Posts Tagged ‘Disaster Philanthropy’

Assessing the Scale and Impact of Disaster Philanthropy

Friday, November 13th, 2015
Monitoring Disaster Philanthropy

Monitoring Disaster Philanthropy

The Center for Disaster Philanthropy has published the second edition of Measuring the State of Disaster Philanthropy 2015: Data to Drive Decisions along with online tools, including a dashboard and an interactive funding map. The online tools enable users to monitor contributions to support relief by disaster type, disaster assistance strategy and geographic areas impacted. The report and the online tools aim to help donors, government agencies, news media and other stakeholders understand the scale and scope of global disaster-related philanthropy. This information can inform more effective philanthropy by avoiding duplication of efforts and misuse of scarce resources.

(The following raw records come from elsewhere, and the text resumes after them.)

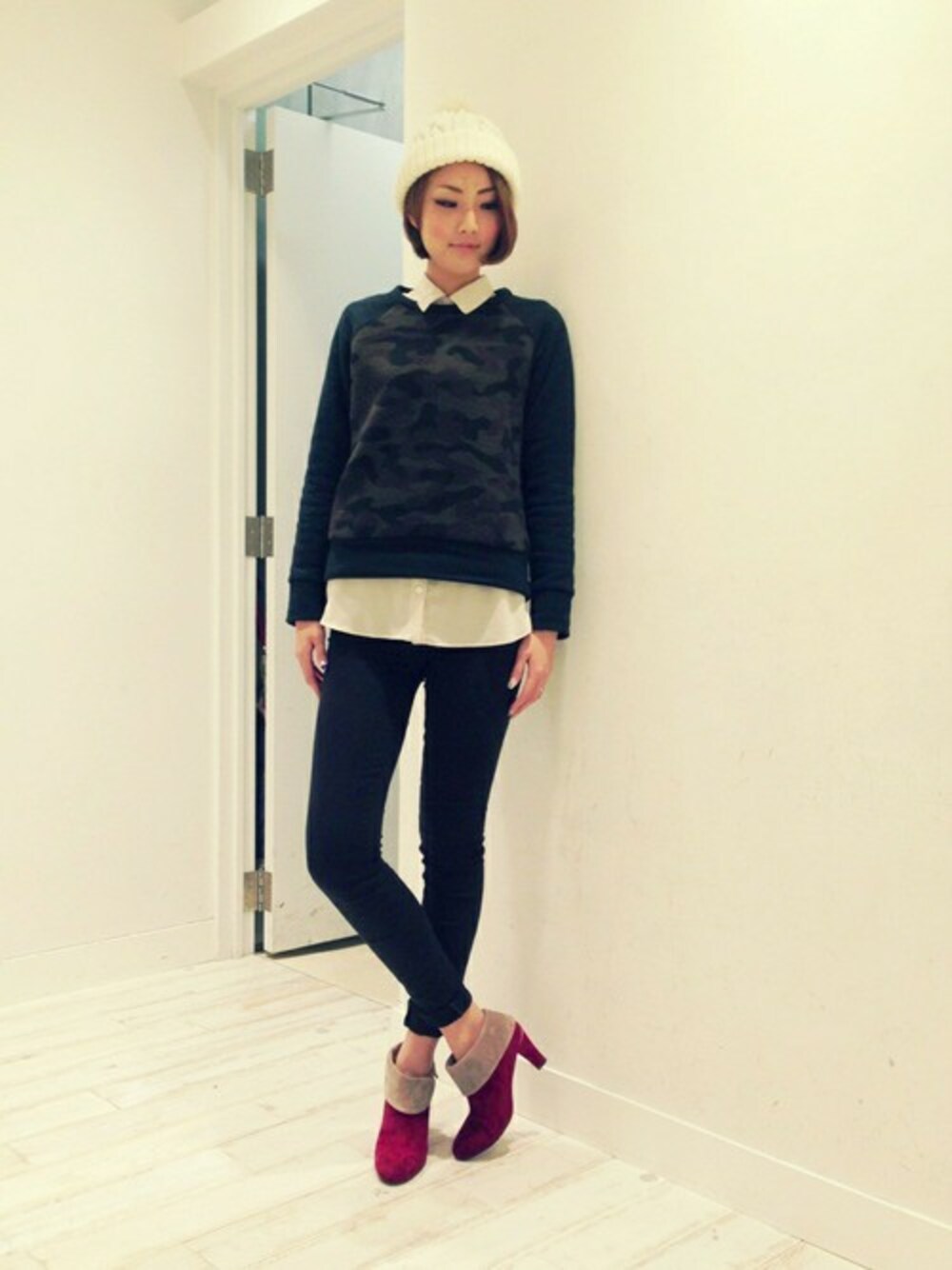 フェミニンなブーティも、カモフラ柄を合わせてカジュアルダウン! 綺麗過ぎるのが苦手な方にもオススメです。
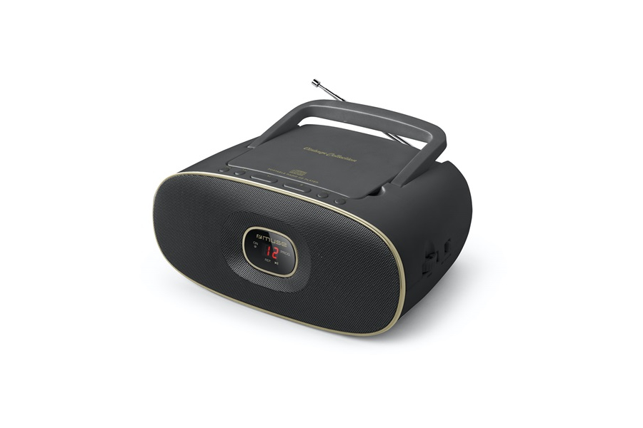 MUSE MD-202 VT – Fekete-arany vintage CD-s rádió Fő tulajdonságok: – Vörös LED kijelző – Teleszkópos fém FM rádió antenna – CD, CD-R, CD-RW kompatibilis – Lehajtható hordozó fül – Könnyű kezelhetőség Funkciók: – Analóg FM és középhullámos rádióvétel – Programozható CD lejátszás – Ismétlés funkció CD lejátszás esetén – AUX jack bemenet – külső lejátszó kihangosításához Tápellátás: Hálózati áram, vagy 6 × 1,5V “C“ elem (nem tartozék) Méret: 112 × 179 × 242 mm Tömeg: 1,3 kg
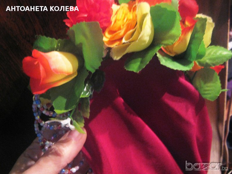 нова, дамска кърпа с накити - мъниста и цветя, които не се свалят цвят - цвета на кърпата - наситено зелено, бяло, насотеночервено, оранжево, жълто
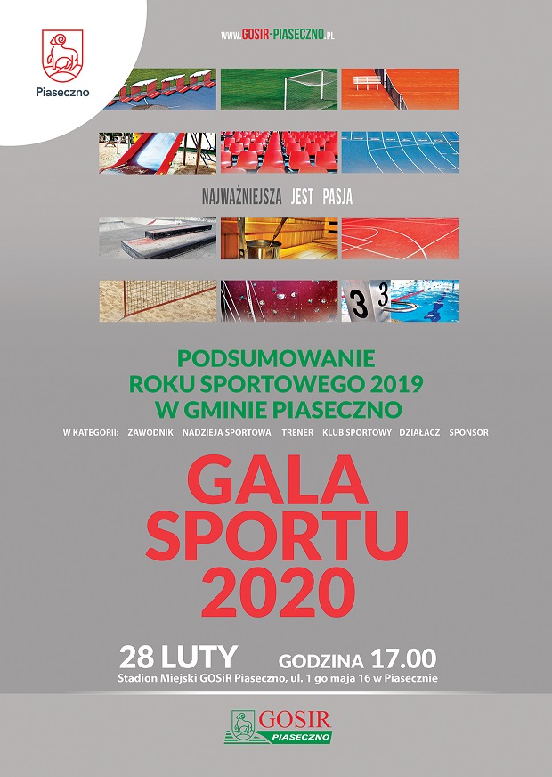 28 lutego br. na Stadionie Miejskim GOSiR Piaseczno, już po raz dwunasty zostanie zorganizowana Gala Sportu 2020 czyli Podsumowanie Roku Sportowego 2019 Gminy Piaseczno.

According to Measuring the State of Disaster Philanthropy 2015, a total of $27.6 billion was given in response to disasters and humanitarian crises in 2013. Most of that sum was directed towards immediate response and relief efforts. While the largest share of the total was contributed by government donors and agencies, with the U.S. Federal Emergency Agency alone accounting for $11 billion, the report also found that the largest thousand U.S. foundations awarded $116.9 million, with an additional $60.1 million provided by smaller foundations, public charities, and international foundations. Outside the U.S., aid from the twenty-nine members of the OECD’s Development Assistance Committee totaled $13.6 billion, while another $2.4 billion was awarded by other donors and multilateral organizations.

The Center for Disaster Philanthropy is to be commended for collecting, analyzing and publishing this data, as it informs strategic decision making and may increase the effectiveness of disaster relief aid. However, and this bears repeating, it is a better use of funds to prevent and mitigate disasters than to respond to them. The challenge is that disaster mitigation efforts can be more difficult to assess and donors do not have the same visibility for such efforts as they do for the powerful (and generous) work of providing relief.